### REQUIRED ACTION
Reproduce, exactly and in full, only the lines below from the one containing "Als de weermannen" through the one containing "Rodent Guard is".

### EXERCISE MATERIALS
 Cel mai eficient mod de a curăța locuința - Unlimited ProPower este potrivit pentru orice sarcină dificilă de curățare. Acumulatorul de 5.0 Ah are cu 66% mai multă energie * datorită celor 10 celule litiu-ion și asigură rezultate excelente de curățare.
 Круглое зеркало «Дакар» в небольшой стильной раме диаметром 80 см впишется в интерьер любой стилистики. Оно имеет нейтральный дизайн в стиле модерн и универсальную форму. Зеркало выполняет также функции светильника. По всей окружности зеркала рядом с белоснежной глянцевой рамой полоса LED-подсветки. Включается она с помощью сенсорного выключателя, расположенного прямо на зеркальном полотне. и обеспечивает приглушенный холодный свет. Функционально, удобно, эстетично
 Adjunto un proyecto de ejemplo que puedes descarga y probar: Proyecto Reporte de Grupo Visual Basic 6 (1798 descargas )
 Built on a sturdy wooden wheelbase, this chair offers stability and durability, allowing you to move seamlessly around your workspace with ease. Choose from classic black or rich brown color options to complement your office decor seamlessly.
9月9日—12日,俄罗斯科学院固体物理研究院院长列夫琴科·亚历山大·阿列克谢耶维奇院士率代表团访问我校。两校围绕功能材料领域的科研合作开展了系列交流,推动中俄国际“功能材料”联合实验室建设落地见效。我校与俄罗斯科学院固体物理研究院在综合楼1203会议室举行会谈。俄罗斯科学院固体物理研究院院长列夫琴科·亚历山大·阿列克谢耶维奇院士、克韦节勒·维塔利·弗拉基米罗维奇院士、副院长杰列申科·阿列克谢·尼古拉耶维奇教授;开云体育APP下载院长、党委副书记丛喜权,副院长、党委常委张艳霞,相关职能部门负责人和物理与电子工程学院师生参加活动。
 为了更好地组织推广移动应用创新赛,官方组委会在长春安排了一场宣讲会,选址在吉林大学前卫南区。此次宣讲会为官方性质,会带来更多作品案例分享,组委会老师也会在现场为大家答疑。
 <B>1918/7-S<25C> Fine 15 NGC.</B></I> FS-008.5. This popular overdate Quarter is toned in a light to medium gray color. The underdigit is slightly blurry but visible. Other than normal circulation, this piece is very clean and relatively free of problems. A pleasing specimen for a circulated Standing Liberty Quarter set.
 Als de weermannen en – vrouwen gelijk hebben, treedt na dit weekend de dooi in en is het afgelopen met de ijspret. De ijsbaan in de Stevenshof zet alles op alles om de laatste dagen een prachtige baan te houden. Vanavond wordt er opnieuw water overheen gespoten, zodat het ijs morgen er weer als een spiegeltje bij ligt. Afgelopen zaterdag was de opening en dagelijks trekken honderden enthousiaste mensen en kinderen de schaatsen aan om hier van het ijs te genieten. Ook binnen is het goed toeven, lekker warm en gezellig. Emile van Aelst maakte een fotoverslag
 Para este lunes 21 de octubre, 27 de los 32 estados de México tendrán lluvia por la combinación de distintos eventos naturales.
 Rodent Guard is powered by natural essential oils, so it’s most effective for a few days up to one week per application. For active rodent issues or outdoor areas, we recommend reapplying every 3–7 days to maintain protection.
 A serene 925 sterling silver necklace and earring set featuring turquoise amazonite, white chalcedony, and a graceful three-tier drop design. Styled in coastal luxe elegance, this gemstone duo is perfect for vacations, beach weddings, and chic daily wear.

### TASK SOLUTION
 Als de weermannen en – vrouwen gelijk hebben, treedt na dit weekend de dooi in en is het afgelopen met de ijspret. De ijsbaan in de Stevenshof zet alles op alles om de laatste dagen een prachtige baan te houden. Vanavond wordt er opnieuw water overheen gespoten, zodat het ijs morgen er weer als een spiegeltje bij ligt. Afgelopen zaterdag was de opening en dagelijks trekken honderden enthousiaste mensen en kinderen de schaatsen aan om hier van het ijs te genieten. Ook binnen is het goed toeven, lekker warm en gezellig. Emile van Aelst maakte een fotoverslag
 Para este lunes 21 de octubre, 27 de los 32 estados de México tendrán lluvia por la combinación de distintos eventos naturales.
 Rodent Guard is powered by natural essential oils, so it’s most effective for a few days up to one week per application. For active rodent issues or outdoor areas, we recommend reapplying every 3–7 days to maintain protection.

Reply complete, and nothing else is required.